Start of Exercise data

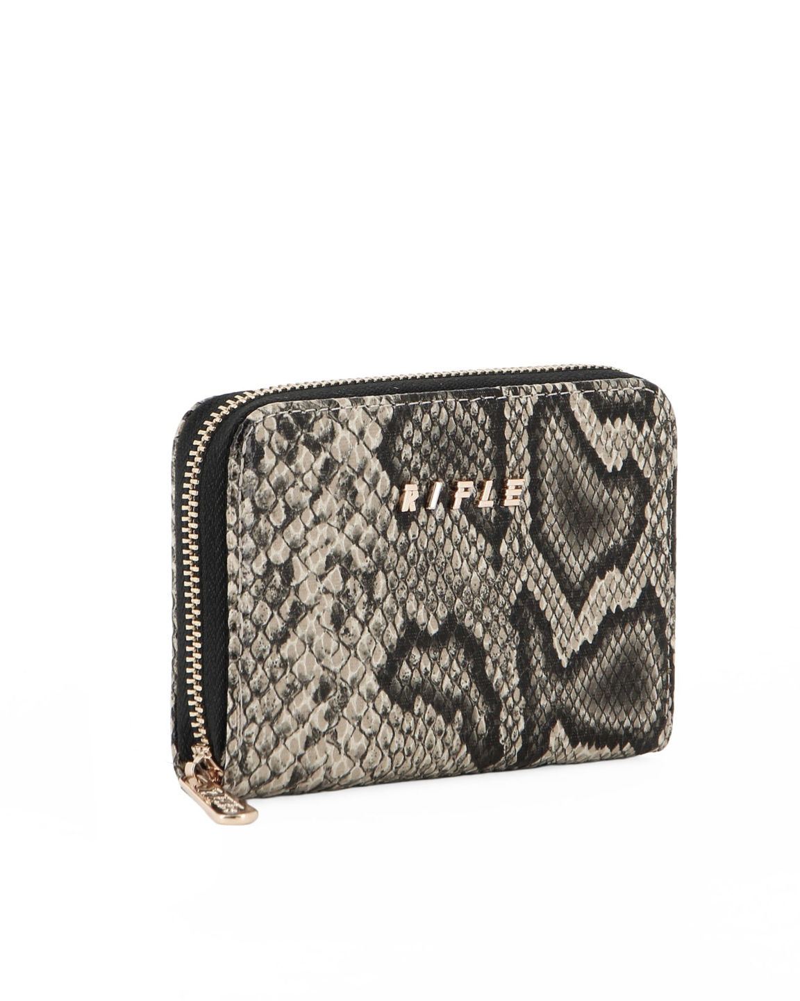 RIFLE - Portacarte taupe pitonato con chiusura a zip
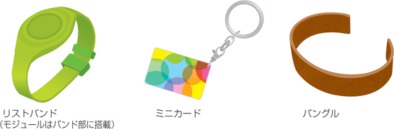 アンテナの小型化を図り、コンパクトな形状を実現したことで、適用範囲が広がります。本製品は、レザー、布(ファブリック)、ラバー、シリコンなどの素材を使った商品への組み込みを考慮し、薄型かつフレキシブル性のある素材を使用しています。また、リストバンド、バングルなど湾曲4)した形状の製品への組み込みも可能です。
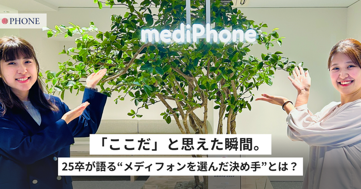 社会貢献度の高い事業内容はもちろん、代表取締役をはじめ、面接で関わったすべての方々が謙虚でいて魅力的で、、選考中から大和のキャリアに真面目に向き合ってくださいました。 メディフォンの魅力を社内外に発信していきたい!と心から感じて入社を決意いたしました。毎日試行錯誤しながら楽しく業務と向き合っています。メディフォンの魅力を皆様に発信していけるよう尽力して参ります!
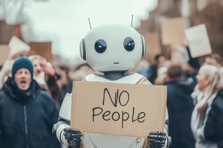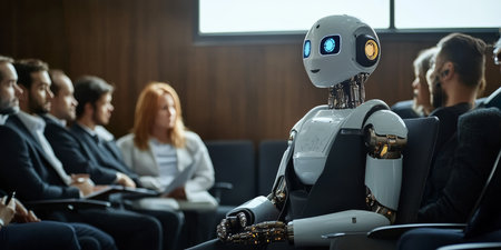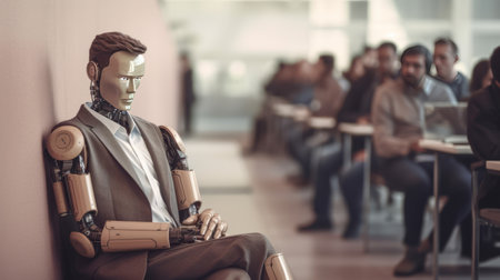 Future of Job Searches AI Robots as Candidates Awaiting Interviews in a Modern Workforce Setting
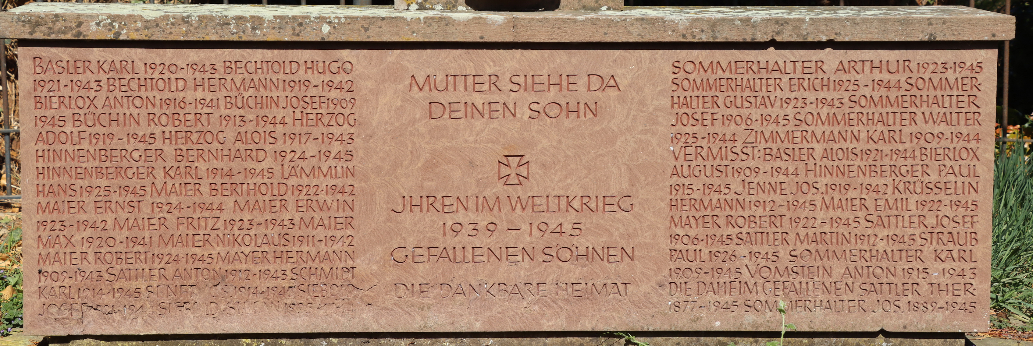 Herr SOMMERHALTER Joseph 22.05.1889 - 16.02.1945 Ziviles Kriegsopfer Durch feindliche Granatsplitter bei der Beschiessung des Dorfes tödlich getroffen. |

End of Exercise data

▶ [What you need to do]:
Starting at the line that contains "アンテナの小型化を図り、コン", return every line through the end of the records above exactly as written, and return no pictures.

▶ [Exercise answer]:
 アンテナの小型化を図り、コンパクトな形状を実現したことで、適用範囲が広がります。本製品は、レザー、布(ファブリック)、ラバー、シリコンなどの素材を使った商品への組み込みを考慮し、薄型かつフレキシブル性のある素材を使用しています。また、リストバンド、バングルなど湾曲4)した形状の製品への組み込みも可能です。
 社会貢献度の高い事業内容はもちろん、代表取締役をはじめ、面接で関わったすべての方々が謙虚でいて魅力的で、、選考中から大和のキャリアに真面目に向き合ってくださいました。 メディフォンの魅力を社内外に発信していきたい!と心から感じて入社を決意いたしました。毎日試行錯誤しながら楽しく業務と向き合っています。メディフォンの魅力を皆様に発信していけるよう尽力して参ります!
 Future of Job Searches AI Robots as Candidates Awaiting Interviews in a Modern Workforce Setting
 Herr SOMMERHALTER Joseph 22.05.1889 - 16.02.1945 Ziviles Kriegsopfer Durch feindliche Granatsplitter bei der Beschiessung des Dorfes tödlich getroffen. |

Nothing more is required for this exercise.